* **Exercise instructions**: Return the lines of the material below exactly, beginning with the line that has "王义隆、薛玉娟是目前最年长的" in it and finishing with the line that has "Folding knives created" in it. Leave all pictures aside.

* **Data for this task**:
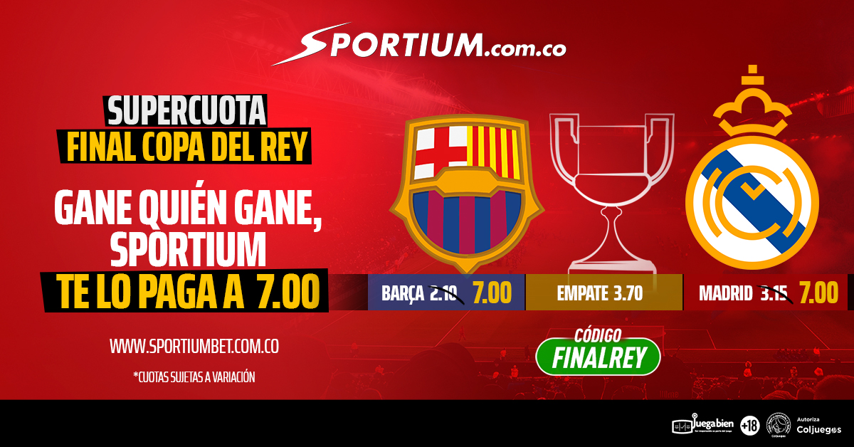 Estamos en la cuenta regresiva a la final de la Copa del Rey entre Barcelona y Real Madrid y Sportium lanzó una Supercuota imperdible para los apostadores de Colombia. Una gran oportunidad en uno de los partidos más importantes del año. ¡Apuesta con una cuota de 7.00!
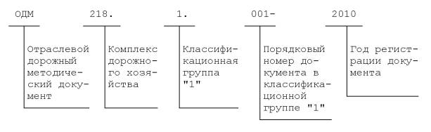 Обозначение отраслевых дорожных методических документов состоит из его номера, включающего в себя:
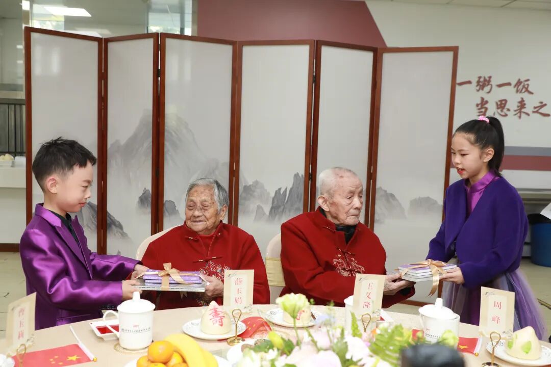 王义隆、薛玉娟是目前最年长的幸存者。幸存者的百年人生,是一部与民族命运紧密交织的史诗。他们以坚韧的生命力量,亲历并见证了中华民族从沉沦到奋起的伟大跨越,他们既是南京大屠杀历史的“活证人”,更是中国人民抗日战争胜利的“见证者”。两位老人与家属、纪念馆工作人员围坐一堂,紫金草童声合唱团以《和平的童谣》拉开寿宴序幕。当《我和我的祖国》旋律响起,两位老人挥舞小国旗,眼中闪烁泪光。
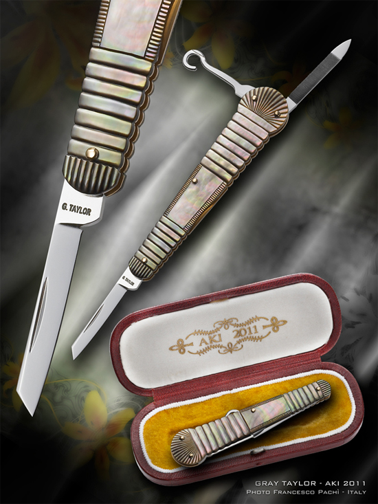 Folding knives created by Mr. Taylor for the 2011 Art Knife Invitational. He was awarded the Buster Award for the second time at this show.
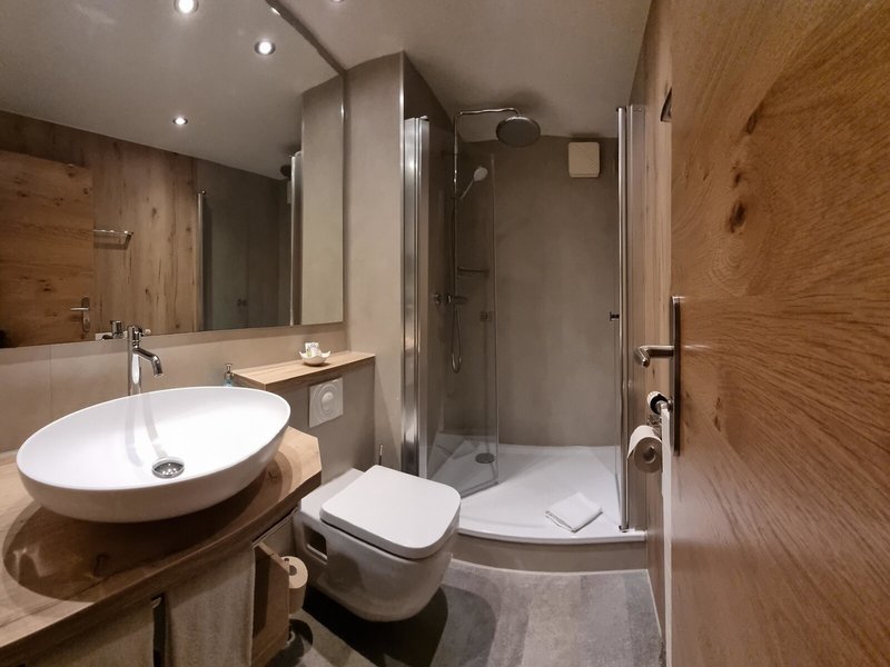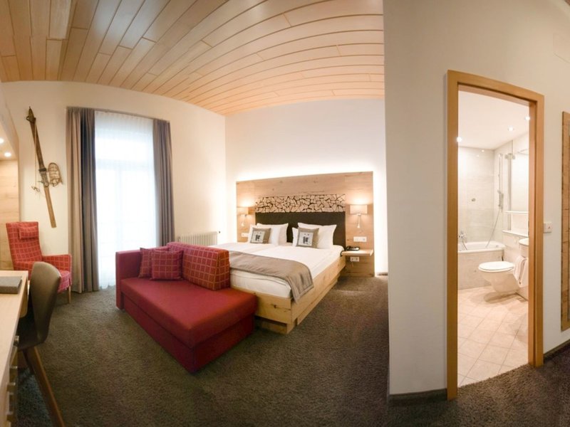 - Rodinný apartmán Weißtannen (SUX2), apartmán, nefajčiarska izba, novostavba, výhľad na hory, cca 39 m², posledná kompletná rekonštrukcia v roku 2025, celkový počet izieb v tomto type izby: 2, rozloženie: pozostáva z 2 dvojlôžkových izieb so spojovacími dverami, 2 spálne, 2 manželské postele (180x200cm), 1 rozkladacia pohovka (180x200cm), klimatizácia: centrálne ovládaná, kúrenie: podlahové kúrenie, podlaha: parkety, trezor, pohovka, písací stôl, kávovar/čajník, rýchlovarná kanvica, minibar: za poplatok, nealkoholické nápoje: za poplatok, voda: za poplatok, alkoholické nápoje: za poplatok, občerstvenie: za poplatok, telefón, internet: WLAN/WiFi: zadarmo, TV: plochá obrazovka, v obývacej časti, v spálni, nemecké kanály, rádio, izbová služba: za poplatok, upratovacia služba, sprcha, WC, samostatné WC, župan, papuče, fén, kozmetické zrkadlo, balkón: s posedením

* **Exercise result**:
 王义隆、薛玉娟是目前最年长的幸存者。幸存者的百年人生,是一部与民族命运紧密交织的史诗。他们以坚韧的生命力量,亲历并见证了中华民族从沉沦到奋起的伟大跨越,他们既是南京大屠杀历史的“活证人”,更是中国人民抗日战争胜利的“见证者”。两位老人与家属、纪念馆工作人员围坐一堂,紫金草童声合唱团以《和平的童谣》拉开寿宴序幕。当《我和我的祖国》旋律响起,两位老人挥舞小国旗,眼中闪烁泪光。
 Folding knives created by Mr. Taylor for the 2011 Art Knife Invitational. He was awarded the Buster Award for the second time at this show.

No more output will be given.